* _WHAT YOU NEED TO DO_: Beginning with the line of the entries below that holds "Humanitarian Briefing Notes 16 - 23 Dec 2003" and ending with the line that holds "你瞧,有的三五成群地商量着、", transcribe each line exactly as written. Pictures stay out.

──────── INPUT RECORDS ────────

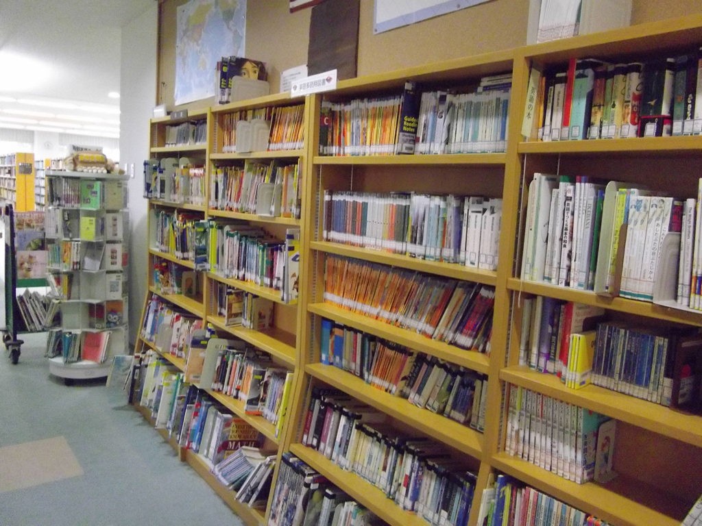 5万5千冊図書と1万8千冊の消耗図書が並ぶ知の宝庫。中学生向きの赤ラベルと高校生向きの靑ラベルに分かれています。
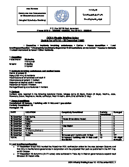 Humanitarian Briefing Notes 16 - 23 Dec 2003
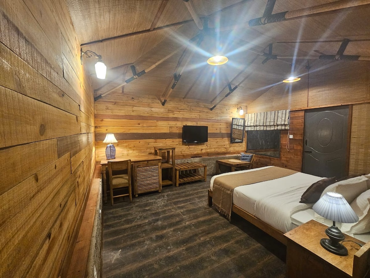 Glamoreo, just 1 hour away from Shimla. Stunning walnut wood interior, including all the furniture. Outdoor wooden bathtub, perfect for soaking in the fresh mountain air. The surrounding area is open and spacious. You can walk around, take in the scenic views, and get a feel for rural life. Everything here is organic, from food to dairy products. If you don’t feel like home-cooked meals, there are cafes and restaurants just 3–4 km away, and you can either visit them or have food delivered
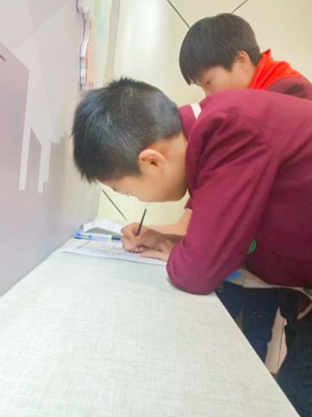 你瞧,有的三五成群地商量着、探讨着;有的独自一人埋头思考着;有的蹲着认真地思索着;甚至还有的直接趴在墙上比划着……
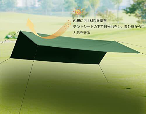 ★【製品仕様】「サーズ」:300cm*300cm ★【防水仕様】防水オックスフォードの生地を採用して、高耐水の効果があります。タープ本体の縫い目もしっかりと縫製されており、結構な雨でも対応できるので心配がありません。 ★【遮光遮熱】黒ゴムのコーティング-紫外線をカットして肌を守り、日焼けと熱射病を予防し、暑い日にも涼しい!眩しくない!心地いいです。屋外、レジャー、その他のアウトドア活動に大活躍。 ★【軽量&携帯便利】携帯の便利さを考えこそ、生地がかなり薄いです。そのおかげで収納サイズが小さくまた軽いです。袋につめた状態でも場所をとりません。持ち運びも楽でツーリングキャンプの時にも携行しています。汚れても水洗いができ、お手入れが簡単です。 ヒント-このバージョンのテント防水布には電柱がありません。
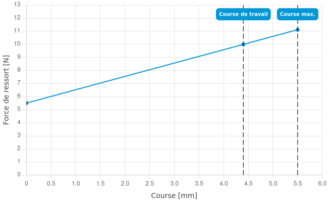 - Force de ressort en course de travail: 10 N
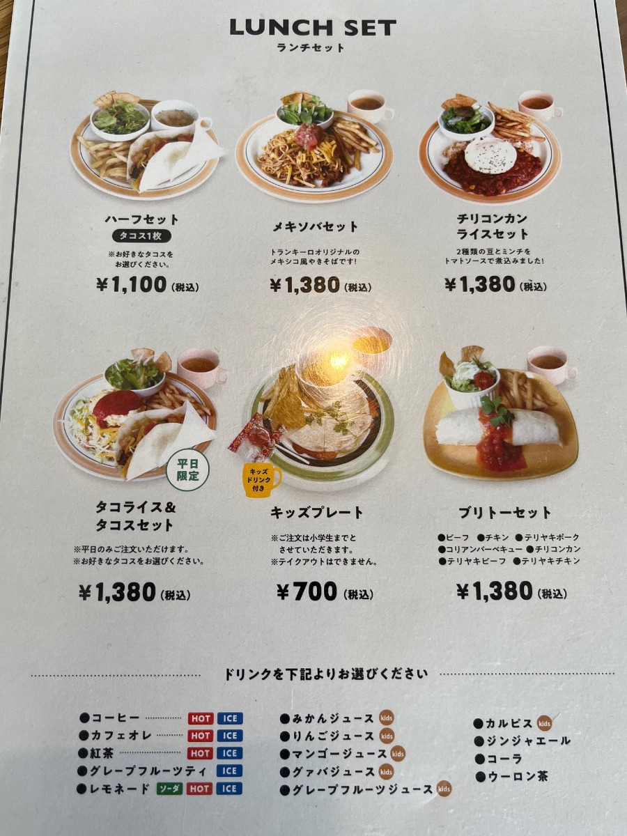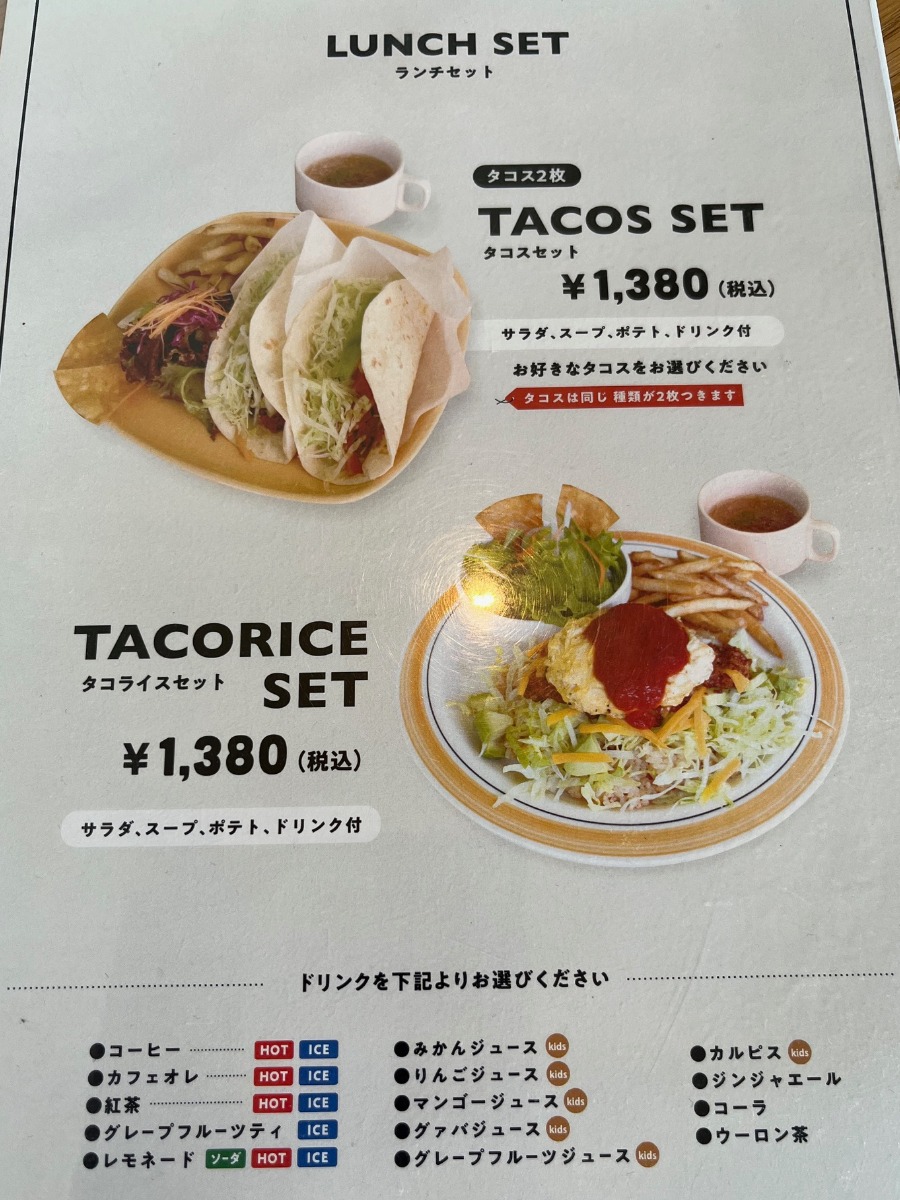 もちもちのオリジナル生地がとにかく美味しいと評判のタコスは全部で16種類。スープ、ポテト、サラダ、ドリンクが付いたお得な各種セットをはじめ、「チリコンカンライス」や「ブリトー」、「タコライス」やタコミートで作った焼きそば「メキソバ」など、リピート必至の人気メニューが豊富に揃っています。
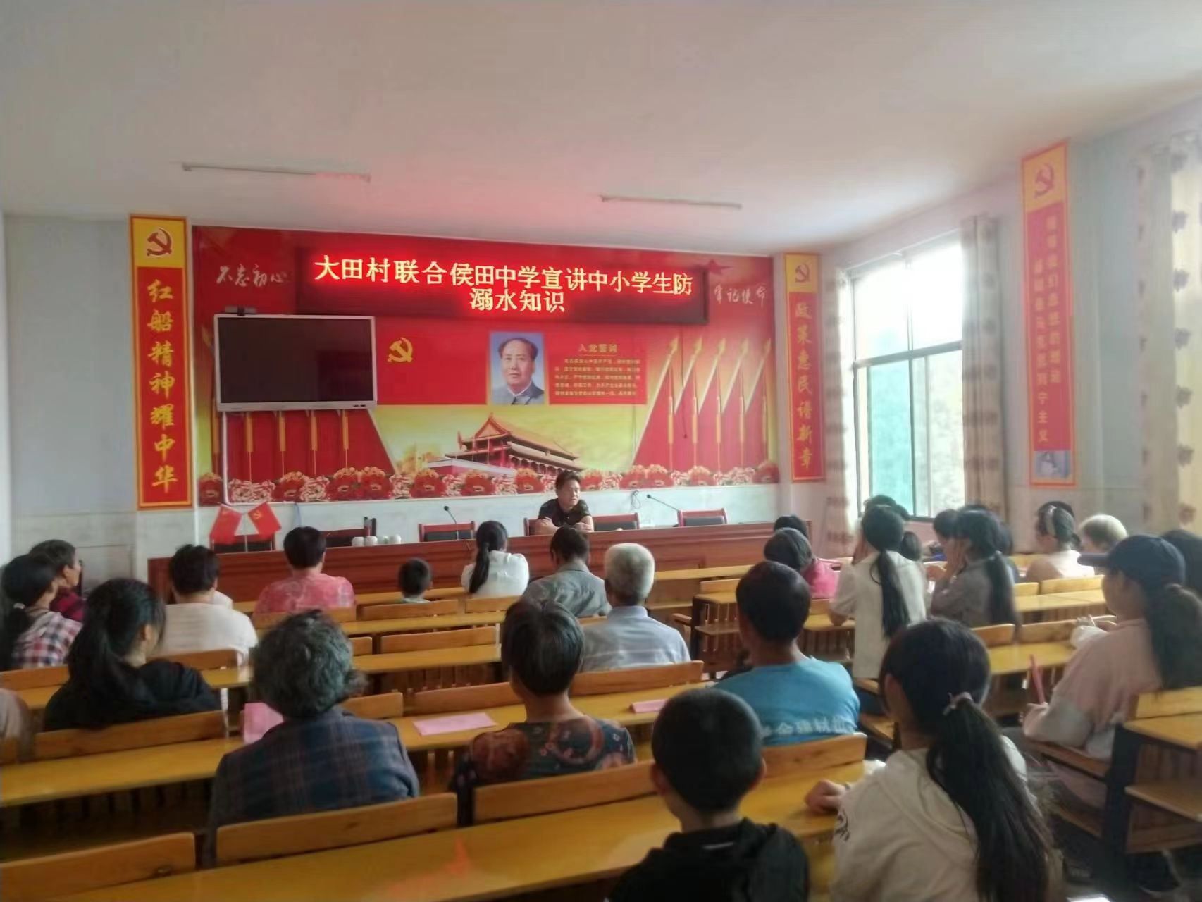 6月10日,高平镇大田村联合高平镇侯田中学在大田村活动中心召开了大田村中小学生家长或监护人预防学生溺水安全教育会议,大田村支部书记袁士平主持了村校联动防溺水会议。会上,大田村支书袁士平、侯田中学政教主任蒋文平先后发言,袁士平、蒋文平忠告各位学生家长或监护人要高度重视预防学生溺水工作,切实增强做好预防学生溺水工作的责任感与紧迫感,时刻绷紧安全教育之弦,深刻吸取以往大田村陆家冲水库发生的学生溺水安全事故的教训,严防溺水事情再发生,为创建平安大田村贡献力量。袁士平、蒋文平还就学生交通安全、食品安全、消防安全、防一氧化碳中毒等进行了宣传教育。会议强调,村委会、学校、家庭形成合力,齐抓共管,加大预防学生溺水宣传力度,营造全社会关心防溺水安全良好氛围,做实做细防溺水举措,消除安全隐患。高平镇大田村、侯田中学联合共筑防学生溺水安全网,进一步提高了学生和家长或监护人的安全意识,为学生安全度过即将到来的暑假将起警示和保驾护航的作用。
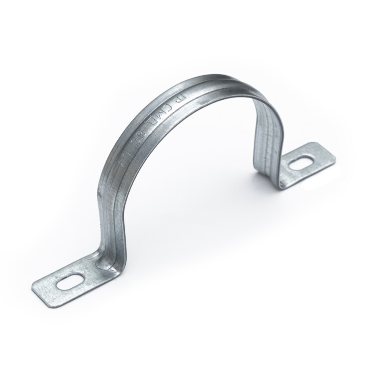 Скоба металлическая двухлапковая усиленная противопожарная (СМДУ), предназначена для крепления металлорукава, металлических и пластиковых труб к различным несущим поверхностям, а также для монтажа кабельной продукции. Изготавливается с овальным отверстиями 10х5мм (скобы диаметром от 6 до 40мм), и 10х6мм (скобы диаметром от 48-63мм), что обеспечивает возможность установки самореза с пресс-шайбой диаметром 4,2мм. Конструкция скоб соответствует ГОСТ 17678-80. Скобы металлические изготавливаются из оцинкованной стали (по ГОСТ 14918), толщиной от 0,9 до 1,9мм. Применяются в ОКЛ.
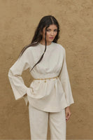 Bisiklet yaka, sırtı fermuar kapamalı, keten karışımlı dokuma kumaştan, beli pensli, kalın katlamalı gömlek. 1(36-38) BEDEN Uzunlu: 70 cm, Bel:39 cm, İki Omuz Arası Mesafe: 40 cm, Basen: 65 cm, Kol Uzunluğu: 59. 2 (40-42) BEDEN Uzunlu: 72 cm, Bel:42 cm, İki Omuz Arası Mesafe: 42 cm, Basen: 67 cm, Kol Uzunluğu: 61.

────────

* _WRITTEN REPLY_:
 Humanitarian Briefing Notes 16 - 23 Dec 2003
 Glamoreo, just 1 hour away from Shimla. Stunning walnut wood interior, including all the furniture. Outdoor wooden bathtub, perfect for soaking in the fresh mountain air. The surrounding area is open and spacious. You can walk around, take in the scenic views, and get a feel for rural life. Everything here is organic, from food to dairy products. If you don’t feel like home-cooked meals, there are cafes and restaurants just 3–4 km away, and you can either visit them or have food delivered
 你瞧,有的三五成群地商量着、探讨着;有的独自一人埋头思考着;有的蹲着认真地思索着;甚至还有的直接趴在墙上比划着……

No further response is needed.